# Task item:
Reproduce the whole listing word for word. Leave every image out.

# Recorded information:
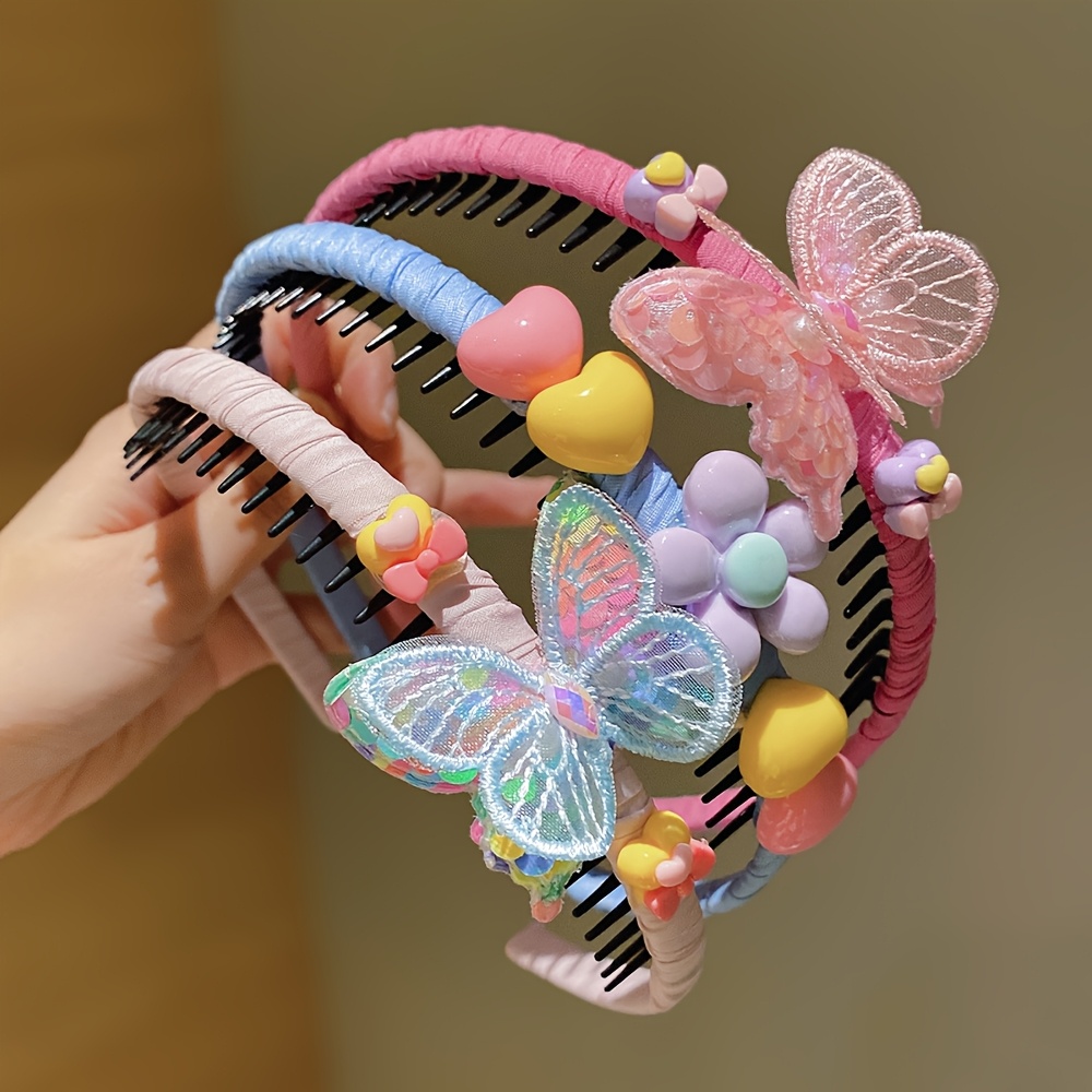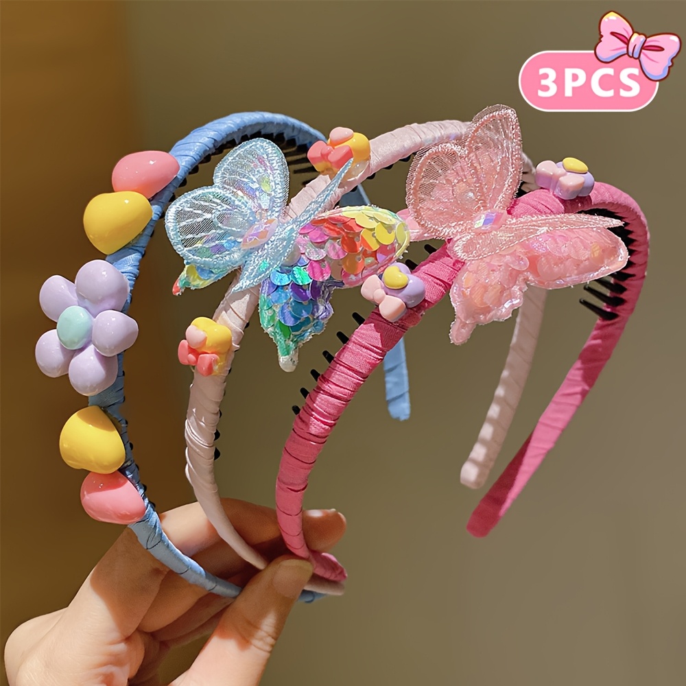 Add a playful touch to any hairstyle with this 3-piece set of colorful butterfly hair bands. Made from durable resin
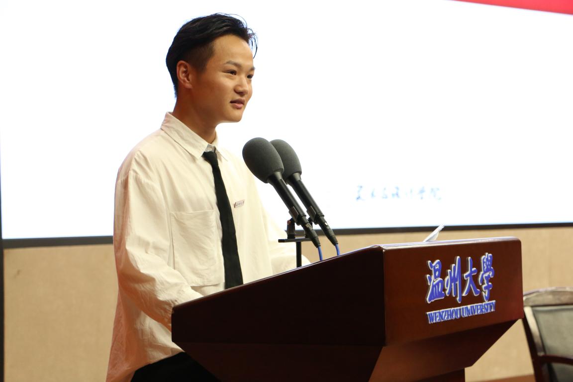 新生代表崔帅同学一边讲述着初入大学的迷茫,一边呼吁大家面向未来,尽快适应老员工活,融入集体,带着对知识的渴望继续开拓进取,完成自己最初的理想,不负宝贵的青春时光。
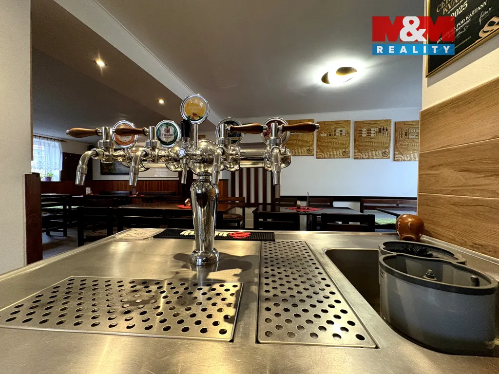 Třípodlažní cihlová budova s podzemním podlažím se nachází v rušné části obce, což zajišťuje stálý přísun stálých i nových zákazníků.
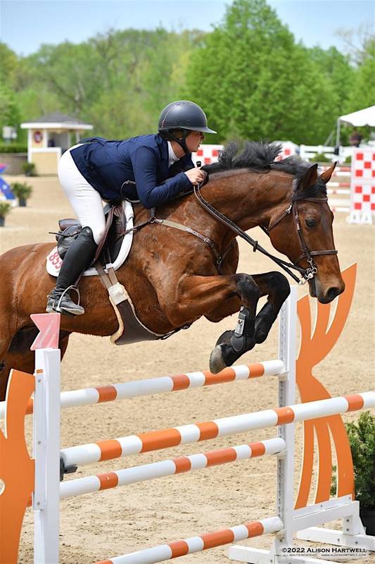 Wayne, Illinois, USA – May 14, 2022 – Everything was coming up golden for Lisa Goldman-Smolen (USA) on Saturday during the Lamplight Spring Classic I at HITS Chicago. With multiple entries in the hotly contested $25,000 Hits Grand Prix, the talented professional secured the top two placings by producing two double-clear efforts during the day’s highlight event. The victory gallop was led by Ivaro N, while Nike garnered the second-place award with the Hawthorn Woods native.
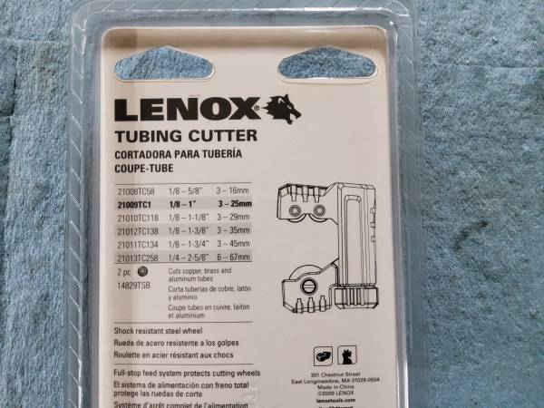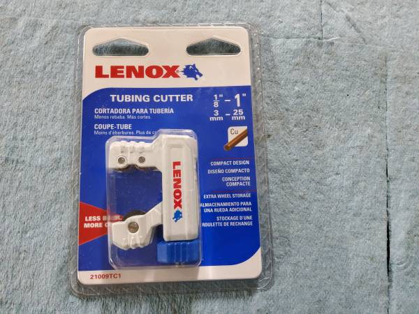 Lenox 1/8"-1" tubing cutter. Cash or card. Pickup only. No checks. Will not respond to code request. Or personal email request.
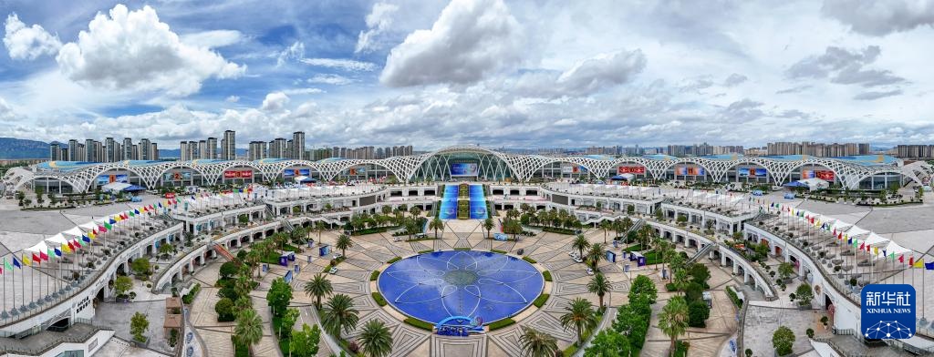 6月18日拍摄的第9届中国—南亚博览会举办地昆明滇池国际会展中心(无人机全景照片)。
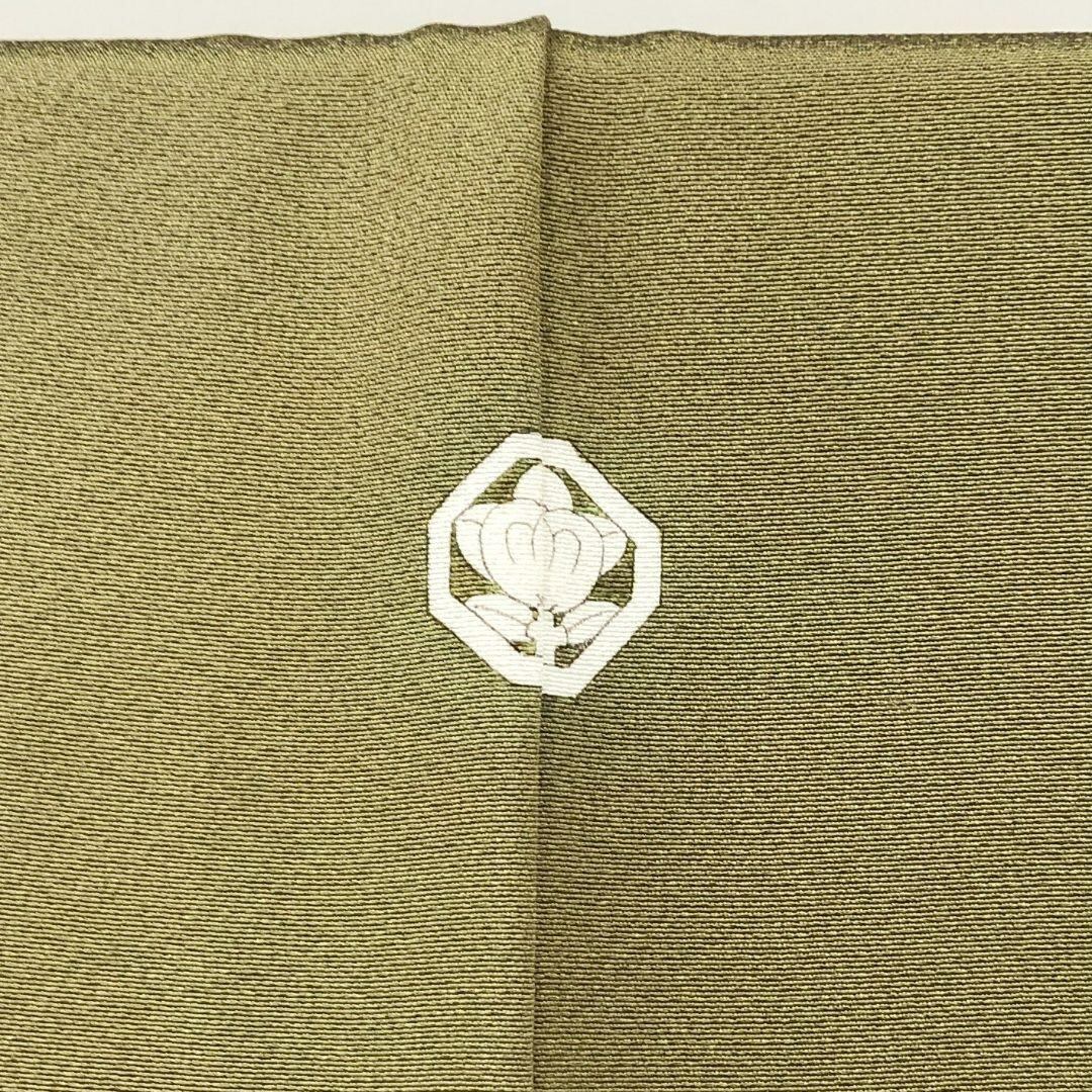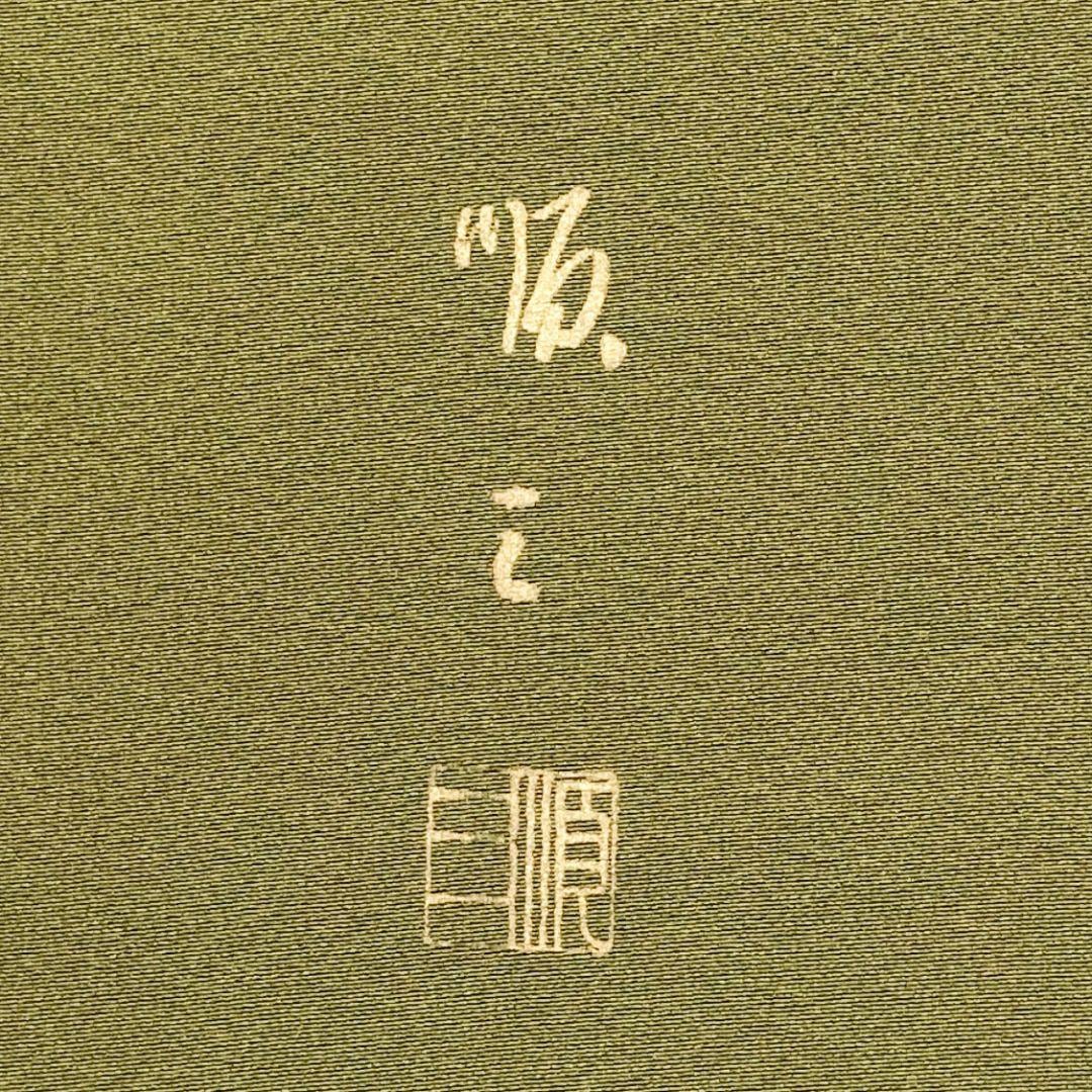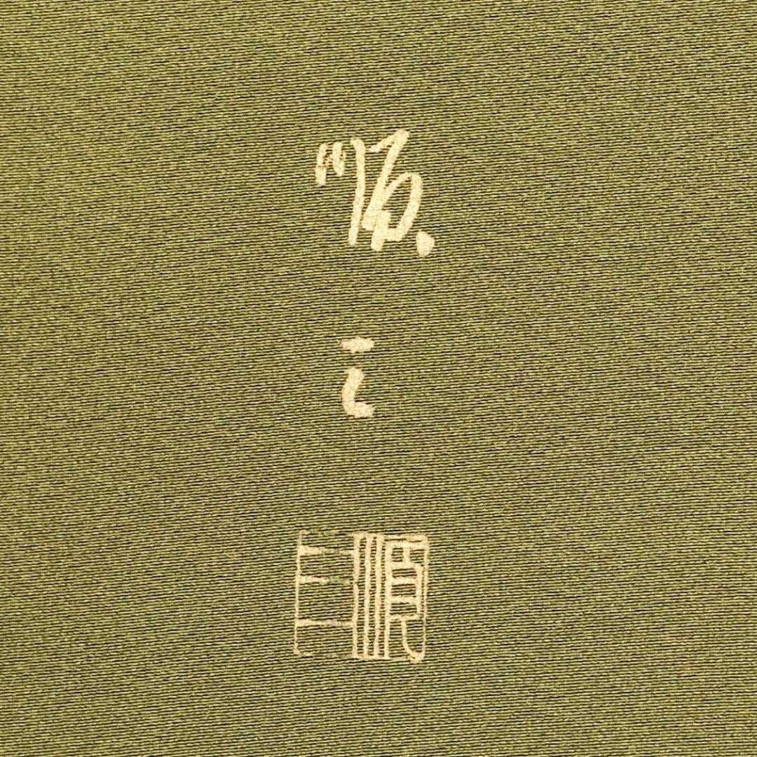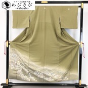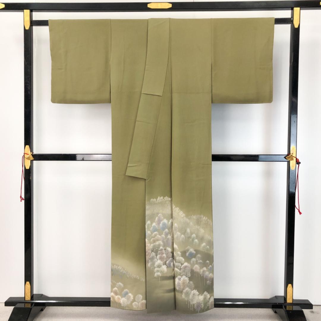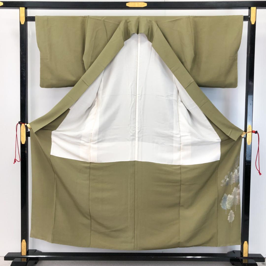 柳色のお色味に美しい木々模様の柄裄がデザインされた素敵なお品でございます。
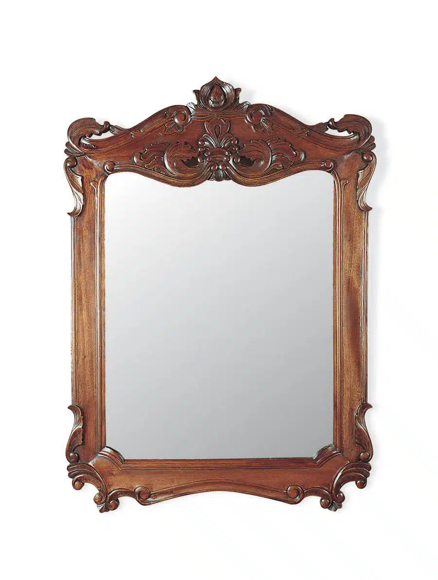 El espejo modelo «St» es una verdadera obra de arte que combina la artesanía tradicional con un diseño atemporal. Su marco rectangular está tallado a mano en caoba maciza por nuestros maestros artesanos, quienes han heredado una tradición de generaciones y son expertos en su oficio. Cada detalle de este espejo ha sido cuidadosamente trabajado para garantizar la más alta calidad y un resultado excepcional.
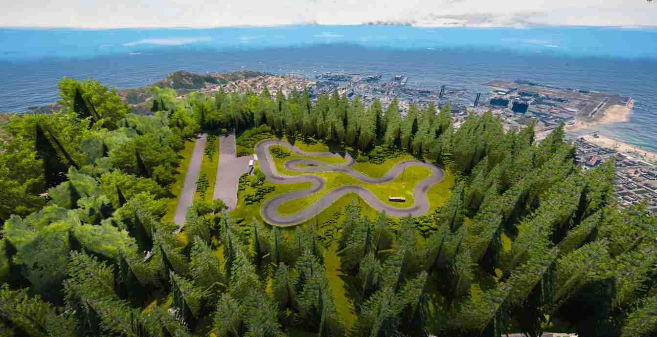 - Includes a pit lane with garages for vehicle modifications and repairs.
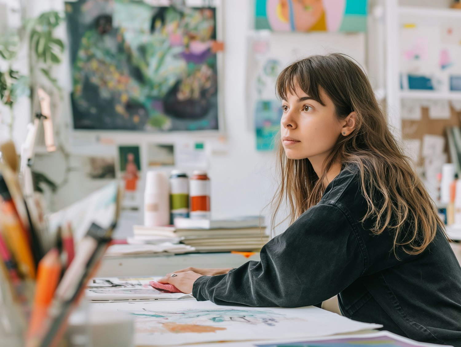 Young woman artist in a creative studio, surrounded by art supplies and colorful paintings, focused on her work.
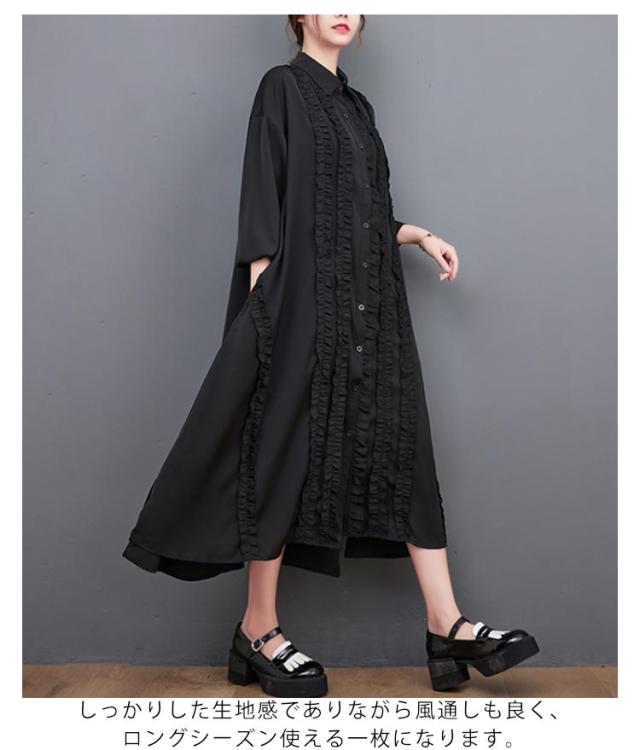 シャツワンピース ブラック 黒 長袖 サイトスリット入り フリル 綿 ポリエステル フレアワンピース ロング ロング丈 黒 大人女子 かわいい フレアワンピ ゆったり

# Answer:
 Add a playful touch to any hairstyle with this 3-piece set of colorful butterfly hair bands. Made from durable resin
 新生代表崔帅同学一边讲述着初入大学的迷茫,一边呼吁大家面向未来,尽快适应老员工活,融入集体,带着对知识的渴望继续开拓进取,完成自己最初的理想,不负宝贵的青春时光。
 Třípodlažní cihlová budova s podzemním podlažím se nachází v rušné části obce, což zajišťuje stálý přísun stálých i nových zákazníků.
 Wayne, Illinois, USA – May 14, 2022 – Everything was coming up golden for Lisa Goldman-Smolen (USA) on Saturday during the Lamplight Spring Classic I at HITS Chicago. With multiple entries in the hotly contested $25,000 Hits Grand Prix, the talented professional secured the top two placings by producing two double-clear efforts during the day’s highlight event. The victory gallop was led by Ivaro N, while Nike garnered the second-place award with the Hawthorn Woods native.
 Lenox 1/8"-1" tubing cutter. Cash or card. Pickup only. No checks. Will not respond to code request. Or personal email request.
 6月18日拍摄的第9届中国—南亚博览会举办地昆明滇池国际会展中心(无人机全景照片)。
 柳色のお色味に美しい木々模様の柄裄がデザインされた素敵なお品でございます。
 El espejo modelo «St» es una verdadera obra de arte que combina la artesanía tradicional con un diseño atemporal. Su marco rectangular está tallado a mano en caoba maciza por nuestros maestros artesanos, quienes han heredado una tradición de generaciones y son expertos en su oficio. Cada detalle de este espejo ha sido cuidadosamente trabajado para garantizar la más alta calidad y un resultado excepcional.
 - Includes a pit lane with garages for vehicle modifications and repairs.
 Young woman artist in a creative studio, surrounded by art supplies and colorful paintings, focused on her work.
 シャツワンピース ブラック 黒 長袖 サイトスリット入り フリル 綿 ポリエステル フレアワンピース ロング ロング丈 黒 大人女子 かわいい フレアワンピ ゆったり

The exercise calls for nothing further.